Indic-voice-pipeline whisper-transcribe

install
source · Clone the upstream repo
git clone https://github.com/humancto/indic-voice-pipeline
Claude Code · Install into ~/.claude/skills/
T=$(mktemp -d) && git clone --depth=1 https://github.com/humancto/indic-voice-pipeline "$T" && mkdir -p ~/.claude/skills && cp -r "$T/skills/whisper-transcribe" ~/.claude/skills/humancto-indic-voice-pipeline-whisper-transcribe && rm -rf "$T"
manifest: skills/whisper-transcribe/SKILL.md
source content

Whisper Transcribe

Transcribe and translate audio/video files locally using OpenAI Whisper. Supports 99 languages, runs entirely on your machine.

Prerequisites

Run once to install dependencies:

pip install openai-whisper --quiet
pip install transformers accelerate --quiet  # For HuggingFace fine-tuned models

ffmpeg is required for audio processing:

brew install ffmpeg  # macOS

Step-by-Step Workflow

For ANY transcription/translation request, follow these steps:

Step 1: Check dependencies

/usr/local/opt/python@3.11/bin/python3.11 ~/.claude/skills/whisper-transcribe/scripts/check_deps.py

Step 2: Determine intent and run the appropriate command

User wants to transcribe audio/video to text:

/usr/local/opt/python@3.11/bin/python3.11 ~/.claude/skills/whisper-transcribe/scripts/whisper_transcribe.py transcribe "<FILE_PATH>" --output-dir ~/Downloads

User wants to translate audio/video to English:

/usr/local/opt/python@3.11/bin/python3.11 ~/.claude/skills/whisper-transcribe/scripts/whisper_transcribe.py translate "<FILE_PATH>" --output-dir ~/Downloads

User wants to detect the language:

/usr/local/opt/python@3.11/bin/python3.11 ~/.claude/skills/whisper-transcribe/scripts/whisper_transcribe.py detect "<FILE_PATH>"

User wants file info without transcribing:

/usr/local/opt/python@3.11/bin/python3.11 ~/.claude/skills/whisper-transcribe/scripts/whisper_transcribe.py info "<FILE_PATH>"

Step 3: Report results

Tell the user:

  • Detected language and confidence
  • The full transcription text
  • Where output files were saved (text, SRT subtitles, JSON)
  • Processing time
  • If translated: both original language and English translation

All Commands

# Transcribe audio/video (auto-detects language, saves .txt + .srt + .json)
/usr/local/opt/python@3.11/bin/python3.11 ~/.claude/skills/whisper-transcribe/scripts/whisper_transcribe.py transcribe "<FILE>" --output-dir ~/Downloads

# Transcribe with a specific source language (faster, skips detection)
/usr/local/opt/python@3.11/bin/python3.11 ~/.claude/skills/whisper-transcribe/scripts/whisper_transcribe.py transcribe "<FILE>" --language te

# Transcribe with a larger model for better accuracy
/usr/local/opt/python@3.11/bin/python3.11 ~/.claude/skills/whisper-transcribe/scripts/whisper_transcribe.py transcribe "<FILE>" --model medium

# Transcribe with a specific HuggingFace fine-tuned model
/usr/local/opt/python@3.11/bin/python3.11 ~/.claude/skills/whisper-transcribe/scripts/whisper_transcribe.py transcribe "<FILE>" --hf-model "vasista22/whisper-telugu-large-v2"

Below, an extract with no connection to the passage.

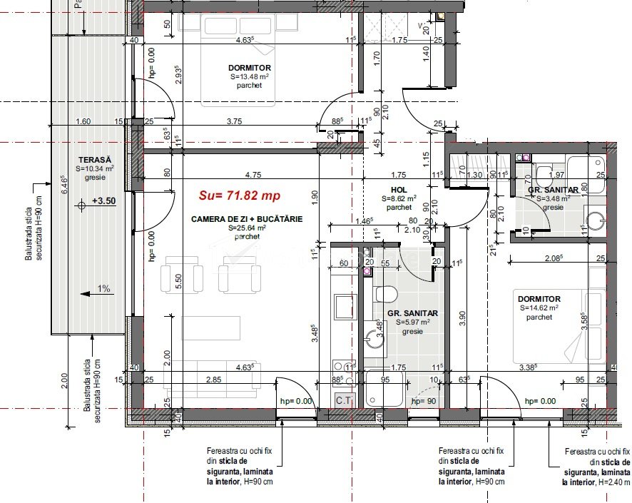 Appartement 3 chambres à vendre dans Apahida Apahida 3 chambres • 72 m2 • 2 salles de bains • étage 1/2 • decomandatnemobilat prix de vente négociable 118 800 € + VAT + 2 Caractéristiques Type de bien Appartement Non. Chambres 3 Non. cuisines 1 Non. salles de bains 2 Nombre de terrasses 1 Le stationnement non Surface construite 93 m2 Surface utile 72 m2 Compartiments Decomandat Confort Marit Etage 1/2 Construit avec Ciment Construction 2025 Description de l'appartement Appartement 3 pièces, surface habitable de 72 m², 2 chambres, dont une avec salle de bain privative, et terrasse de 10 m² ! Construction en rez-de-chaussée et 2e étage, petite résidence intime de seulement 15 appartements, construite avec goût. Bâtiment en béton armé, murs en briques de 25 cm, isolation en laine de basalte et façade ventilée en aluminium. Les appartements sont livrés semi-finis, avec leur propre centrale thermique et chauffage au sol, fenêtres à triple vitrage, murs en plâtre, mastic blanc et lavable. Place de parking extérieure : 3 000 euros, parking en sous-sol : 5 000 euros ID de la propriété - P47771 Utilités, Finissages Utilités générales: Électricité, Eau, Gaz, Evacuation des eaux usées, TV CâbleSystème chauffage Chauffage, Chauffage par le plancherFinissages LavableEquipements Compteurs gaz Nombre de vues: 964 Réactualiser: 2025-11-07 13:40:45
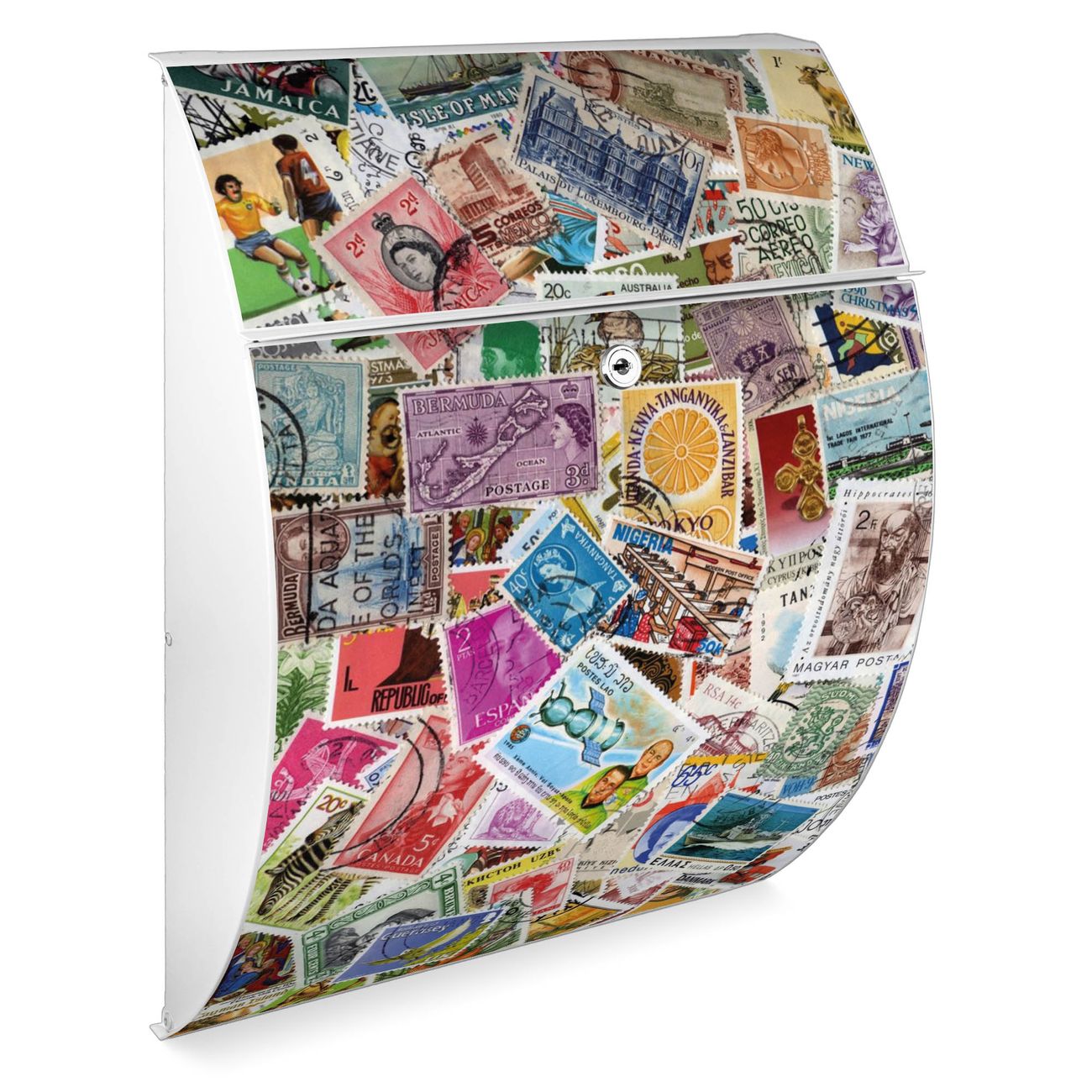 FUNKTION: DESIGN: Das Modell Riviera mit Motiv Briefmarken hat ein sehr ansprechendes und zeitloses Design. Heben Sie Sich von der tristen grauen Masse ab, ohne auf Funktionalität zu verzichten. Der integrierte Öffnungsstopp ermöglicht eine einfache Handhabung beim Entnehmen der Post. DETAILS: Der Postkasten besteht aus vollflächig verzinktem Stahl welcher in weiß lackiert wurde. Das Motiv besteht aus einer wetter- und UV-festen Folie, die mit einem Schutzlaminat überzogen ist, durch die Ihren Briefkasten zusätzlich vor Kratzern geschützt ist. Sie erhalten 2 Schlüssel sowie das passende Montagematerial. NUTZEN: Sie können den Briefkasten sowohl als Wandbriefkasten montieren oder einen passenden Ständer kaufen und als Standbriefkasten einbetonieren. Die Größe bietet genügend Platz für Sendungen aller Art, der Einwurf fasst auch größere A4 Sendungen. BANJADO: Ihr Briefkasten wird in Sachsen in einer kleinen Manufaktur von Hand veredelt. Die Motivfolie ist lösungsmittelfrei und schutzlaminiert, dies sorgt für einen langen Halt. Wir legen großen Wert auf die Verbindung von Funktionalität und Design. Sie erhalten Handarbeit aus Sachsen.

# Translate any language to English
/usr/local/opt/python@3.11/bin/python3.11 ~/.claude/skills/whisper-transcribe/scripts/whisper_transcribe.py translate "<FILE>" --output-dir ~/Downloads

# Translate with known source language
/usr/local/opt/python@3.11/bin/python3.11 ~/.claude/skills/whisper-transcribe/scripts/whisper_transcribe.py translate "<FILE>" --language te

# Detect language of audio
/usr/local/opt/python@3.11/bin/python3.11 ~/.claude/skills/whisper-transcribe/scripts/whisper_transcribe.py detect "<FILE>"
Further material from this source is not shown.